'Disastrous effects': Outrage in US as interest rate surge sends 'markets reeling'


    Republicans have hit out at the latest US interest rate hike of 0.75 percent, saying it will have “disastrous effects”. The Federal Reserve announced on Wednesday an expected fourth consecutive “jumbo” rate hike to a total of 3.75 percent, in a bid to combat sky-high inflation.

    Republican Senators, including Marsha Blackburn, blamed Joe Biden for the latest spike.

    She said on Twitter: “Today’s decision by the Fed to again increase interest rates is further proof of the consequences of the disastrous effects of socialism via Biden’s $1.9 trillion bailout.”

    Sen. Thom Tillis also said: “Out-of-control inflation, largely caused by Biden’s overspending, once again forced the Fed to raise interest rates.

    “It’s long past time for Congress to pursue common-sense fiscal restraint to get our economy back on track.”

    The Heritage Foundation, an American conservative think tank based in Washington DC, also said on Twitter: “Spending, borrowing, and printing trillions of dollars results in higher interest rates on credit cards, mortgage, auto loans, and other forms of borrowing.

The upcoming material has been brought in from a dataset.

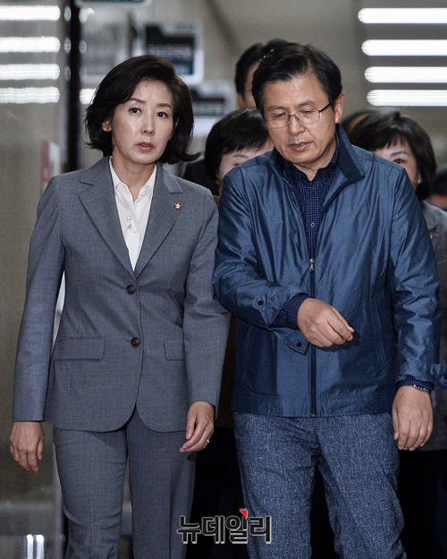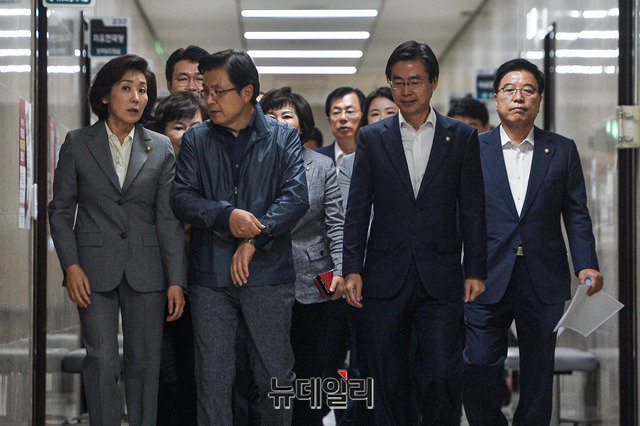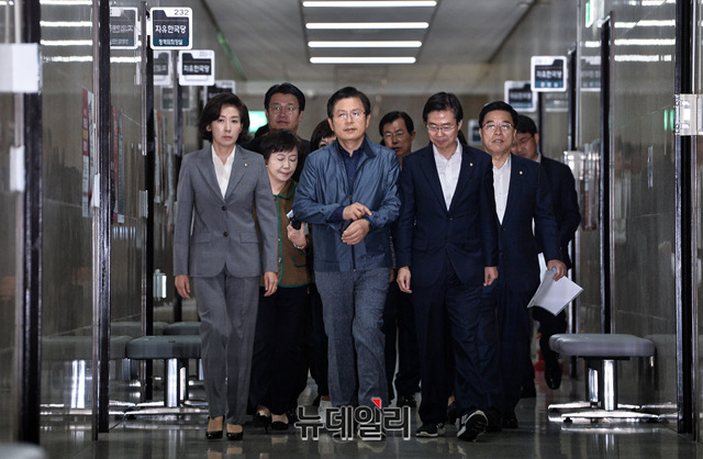 황교안 자유한국당 대표, 나경원 원내대표, 조경태 최고위원 및 지도부가 16일 오전 국회에서 열린 최고위원회의에 입장하고 있다.

    “Avg. borrowing costs have gone up by $1,300 under Biden and STILL he’s treating the Fed like a personal money gun.”

    Steve Cortes, a financial commentator, said: “Tough talk from the Fed to fight the inflation that they and Biden produced — sends markets reeling today.

    “Here, the Retailer sector loses four percent on the day. The pain persists, financial anxiety rises along with Interest Rates.”

    It is the sixth consecutive interest rate hike in a row, brought in to battle a 40-year high in inflation.

    Inflation stands at 8.2 percent in the year to September 2022 in the US, according to the Bureau of Labor Statistics.

    The raise was driven by the increased cost of shelter, food and medical care.

    While raising interest rates can slow inflation by making borrowing more expensive, the move further increases debt costs for Americans already struggling with rising prices.

    It follows a now-deleted tweet from the White House which touted an increase in Social Security payments, which rise in line with inflation.

    Asked about the White House’s assertion that “President Biden’s leadership” is responsible for the Social Security increase, Gary Engelhardt, a Syracuse University economics professor who studies Social Security, told CNN: “This assertion is incorrect.

    “The Social Security COLA is mandated by law (and has been for decades) and is tied to the rate of increase in the Consumer Price Index (i.e., inflation).

    “President Biden has control over neither. From a political standpoint, it is a decidedly positive spin on a problem (inflation) plaguing his approval ratings.”

    In addition, a Reuters/Ipsos poll found 31 percent of Americans view inflation/rising costs as the most important problem facing the US.

    The survey polled 4,413 adults over 18 between October 18 and 24.